From: Thomas Gleixner <tglx@linutronix.de>
To: LKML <linux-kernel@vger.kernel.org>
Cc: Dimitri Sivanich <sivanich@sgi.com>,
Andrew Morton <akpm@linux-foundation.org>,
Ingo Molnar <mingo@elte.hu>,
Peter Zijlstra <a.p.zijlstra@chello.nl>
Subject: [patch 2/3] timer: move calc_load to softirq
Date: Sat, 02 May 2009 19:06:35 -0000 [thread overview]
Message-ID: <20090502190545.489264416@linutronix.de> (raw)
In-Reply-To: 20090502190500.513452861@linutronix.de
[-- Attachment #1: calc-load-move-to-soft-irq.patch --]
[-- Type: text/plain, Size: 4106 bytes --]
xtime_lock is held write locked across calc_load() which iterates over
all online CPUs. That can cause long latencies for xtime_lock readers
on large SMP systems. The load average calculation is an rough
estimate anyway so there is no real need to protect the readers
vs. the update. It's not a problem when the avenrun array is updated
while a reader copies the values.
Move the calculation to the softirq and reduce the xtime_lock write
locked section. This also reduces the interrupts off section.
Inspired by an inital patch from Dimitri Sivanich.

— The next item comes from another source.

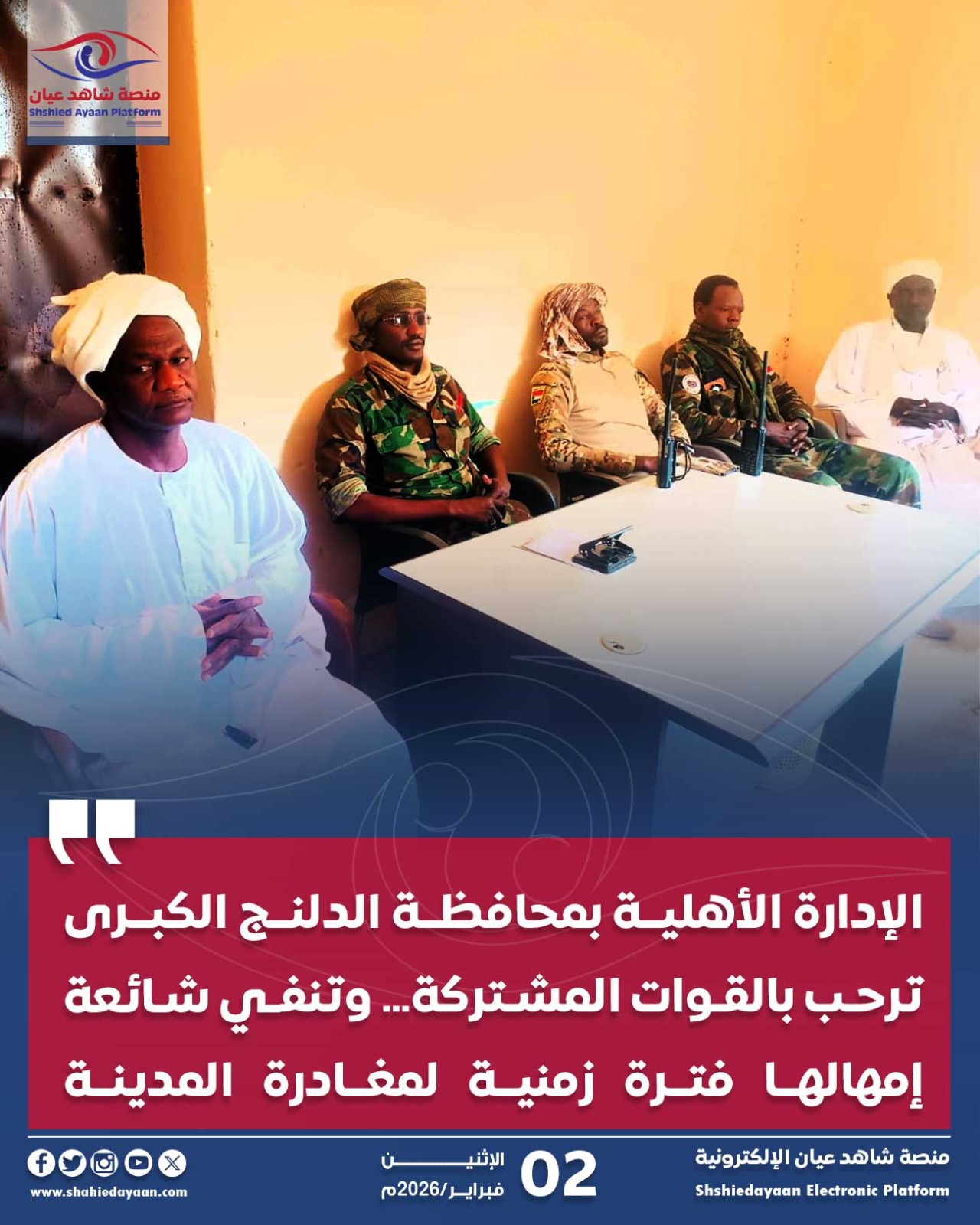 الإدارة الأهلية بمحافظة الدلنج الكبرى ترحب بالقوات المشتركة… وتنفي شائعة إمهالها فترة زمنية لمغادرة المدينة الإدارة الأهلية بالدلنج الكبرى ترحب…

Signed-off-by: Thomas Gleixner <tglx@linutronix.de>
---
kernel/time/timekeeping.c | 2 -
kernel/timer.c | 59 +++++++++++++++++++++++++++++++++-------------
2 files changed, 44 insertions(+), 17 deletions(-)
Index: linux-2.6/kernel/time/timekeeping.c
===================================================================
--- linux-2.6.orig/kernel/time/timekeeping.c
+++ linux-2.6/kernel/time/timekeeping.c
@@ -22,7 +22,7 @@
/*
* This read-write spinlock protects us from races in SMP while
- * playing with xtime and avenrun.
+ * playing with xtime.
*/
__cacheline_aligned_in_smp DEFINE_SEQLOCK(xtime_lock);
Index: linux-2.6/kernel/timer.c
===================================================================
--- linux-2.6.orig/kernel/timer.c
+++ linux-2.6/kernel/timer.c
@@ -1127,12 +1127,14 @@ void update_process_times(int user_tick)
* imply that avenrun[] is the standard name for this kind of thing.
* Nothing else seems to be standardized: the fractional size etc
* all seem to differ on different machines.
- *
- * Requires xtime_lock to access.
*/
unsigned long avenrun[3];
EXPORT_SYMBOL(avenrun);
+static atomic_t avenrun_ticks;
+static DEFINE_SPINLOCK(avenrun_lock);
+static DEFINE_PER_CPU(int, avenrun_calculate);
+
static unsigned long
calc_load(unsigned long load, unsigned long exp, unsigned long active)
{
@@ -1143,23 +1145,47 @@ calc_load(unsigned long load, unsigned l
/*
* calc_load - given tick count, update the avenrun load estimates.
- * This is called while holding a write_lock on xtime_lock.
*/
-static void calc_global_load(unsigned long ticks)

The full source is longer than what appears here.